Gepunktet haben könnte Metcalf bei seinem Team-Interview vor wenigen Wochen, als der muskelbepackte Receiver Oberkörper frei ins Büro der Seahawks kam und Head Coach Pete Carroll spontan selbst sein Shirt auszog. Kurios, dass Metcalf nun tatsächlich in Seattle landet - wenn auch dadurch bedingt, dass sich zahlreiche Teams zuvor ausdrücklich gegen ihn entschieden hatten. Alleine in Runde zwei waren vor Metcalf sechs andere Receiver gezogen worden.

Welche Teams holten sich einen Quarterback?

Drew Lock, Roger Goodell

Neuer Broncos-Quarterback: Drew Lock (li.) mit NFL-Commissioner Roger Goodell. imago

Nach drei Spielmachern in Runde eins waren es am zweiten Tag des Drafts nur noch zwei Quarterbacks, die gezogen wurden. Wenig überraschend kam der Pick von Drew Lock: Dem Missouri-Spieler war im Vorfeld Potenzial zum Erstrundenpick bescheinigt worden, vor allem die Denver Broncos hatten Interesse gezeigt. Deren General Manager John Elway bekam seinen Wunschspieler nun in Runde zwei, an Position 42. Lock passt genau ins Beuteschema der Broncos: groß, massiv und ausgestattet mit einem extrem starken Arm - genau wie einst Elway selbst und genau wie Joe Flacco, den Denver für die kommende Saison als Starter verpflichtet hatte und den Lock wohl früher oder später ablösen soll.

Hinten anstellen müssen wird sich wohl auch Will Grier (West Virginia), der Ende der dritten Runde (Pick 100) als insgesamt fünfter Quarterback gezogen wurde und künftig für die Carolina Panthers aufläuft. Dort ist Grier als Ersatz für Cam Newton eingeplant, der in den letzten Jahren häufig mit Verletzungsproblemen zu kämpfen hatte.

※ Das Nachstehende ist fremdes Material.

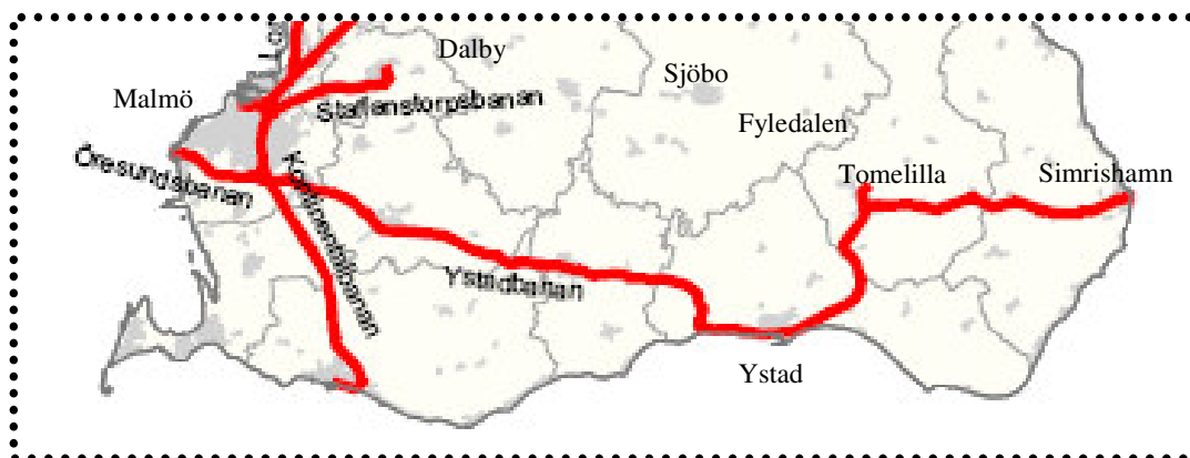
Illustration 2. Södra Skåne med dagens trafikerade linjer utmärkta

I dag trafikeras inte järnvägssträckan ”Simrishamnsbanan” i sin helhet. Mellan Simrishamn och Tomelilla går tåget längs den ursprungliga banan, men vidare mot Malmö går trafiken via Ystad. Sträckan Simrishamn – Ystad elektrifierades så sent som år 2003. Under sommaren 2006 stängdes trafiken eftersom rälsen måste förbättras.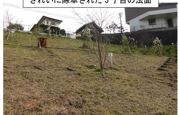
きれいに除草された3丁目の法面

長崎市においては、このアダプトプログラムを平成13年度から事業を開始しています。興味のある方、詳しく知りたい方は、廃棄物対策課(☎829-1159)へお尋ねください。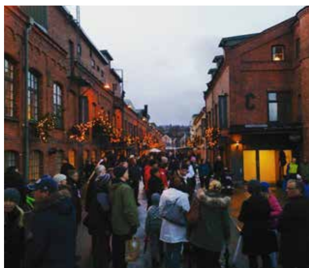
Ibland kan det vara lämpligt att skapa kvartersvisa utvecklingsgrupper som gemensamt samlar resurser och skapar unika evenemang.

En attraktiv stadsmiljö är varierad och föränderlig, där det ena kvarteret inte är det andra likt. Ett sätt att förbättra chanserna att uppnå detta mål är att ibland skapa kvartersvisa utvecklingsgrupper. Det kan t.ex. vara alla verksamheter runt ett torg eller längs en gata som gemensamt samlar resurser och skapar unika evenemang. Grupperna kan då bestå av bland annat kommunrepresentanter, butiker, restauranger, arrangörer och fastighetsägare.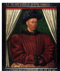
Jean Fouquet, Portrait de Charles VII , vers 1450

le tire vers la caricature : les peintres ne se contentent plus de ne pas idéaliser les personnages ; ils exagèrent leurs défauts physiques. » ( Ibidem : 150)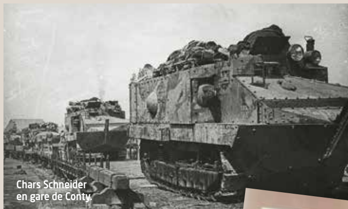
Chars Schneider en gare de Conty.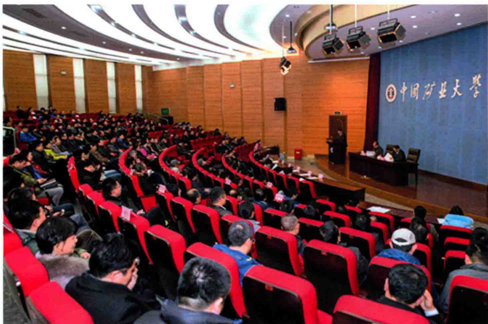
11月25日，学校召开干部教师大会总结就新一轮中层领导班子换届和处级干部聘任工作。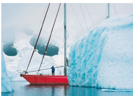
Malebná Antarktida se svými ledovci

Klášteřínský kostel nabízí návštěvníkům od 19. dubna výstavu fotografií Jiřího Kolbaba, populárního českého cestovatele a fotografa. Fotografie velkoplošného formátu autor prezentuje při rozsáhlých výstavách nejen doma, ale i v zahraničí. Zajímavou a neotřelou formou zachycuje detaily přírodních struktur a exotické tváře domorodců. Jiří Kolbaba je impozantní charizmatičtý vypravěč; nejen proto jsou populární jeho besedy s poutavými dia-show i jeho mnohaletý pořad na Rádiu Impuls. V celosvětové kampani „Keep Walking“ byl Jiří Kolbaba zařazen do elitní skupiny cestovatelů a dobrodruhů, je viceprezidentem Českého klubu cestovatelů. Projel všech šest kontinentů planety, navštívil víc než 130 zemí. Ačkoli již zcestoval téměř celý svět, jeho krédem zůstává: „Mým snem je navštívit, poznat a pochopit další země, vzdálené kultury a přátelské domorodce“. Výstavu oficiálně zahájí osobně Jiří Kolbaba v úterý 19. dubna v 17.00 hod.

Wer ist an Tag drei noch verfügbar?

Klar: Wenn NFL-Commissioner Roger Goodell um 19 Uhr MESZ den dritten Draft-Tag eröffnet, werden nicht mehr viele Top-Talente verfügbar sein. Florida-Safety Chauncey Gardner-Johnson ist der einzige Spieler, der von einigen Experten in Runde eins gesehen und jetzt noch immer auf dem Board sind. Hinzu kommen noch einige interessante Receiver wie Hakeem Butler (Iowa State) und Riley Ridley (Georgia), Bruder von Falcons-Profi Calvin Ridley. Weitere Namen, die zu Beginn von Runde vier begehrt sein sollten: Alabama-Linebacker Mack Wilson sowie die Cornerbacks Julian Love (Notre Dame) und Amani Oruwariye (Penn State).

Und was passiert mit Rosen?

Die wohl drängendste Frage rund um den Draft wurde im Laufe der zweiten Runde beantwortet. Josh Rosen, im letzten Jahr noch an Nummer zehn von den Arizona Cardinals gedraftet, läuft künftig für die Miami Dolphins auf. Das Franchise aus Florida sicherte sich die Rechte am 22-jährigen Spielmacher für den insgesamt 62. Pick des diesjährigen Drafts (Arizona wählte Receiver Andy Isabella) sowie einen Fünftrundenpick 2020. Ein Trade, der Konturen angenommen hatte, nachdem Arizona mit dem First Overall Pick Kyler Murray verpflichtet hatte. Miami hatte eigentlich geplant, seinen Franchise-Quarterback erst im Draft 2020 zu finden, hat in Rosen aber bereits jetzt eine hochtalentierte Option auf der wichtigsten Position im Football - und das zu einem vergleichsweise günstigen Preis.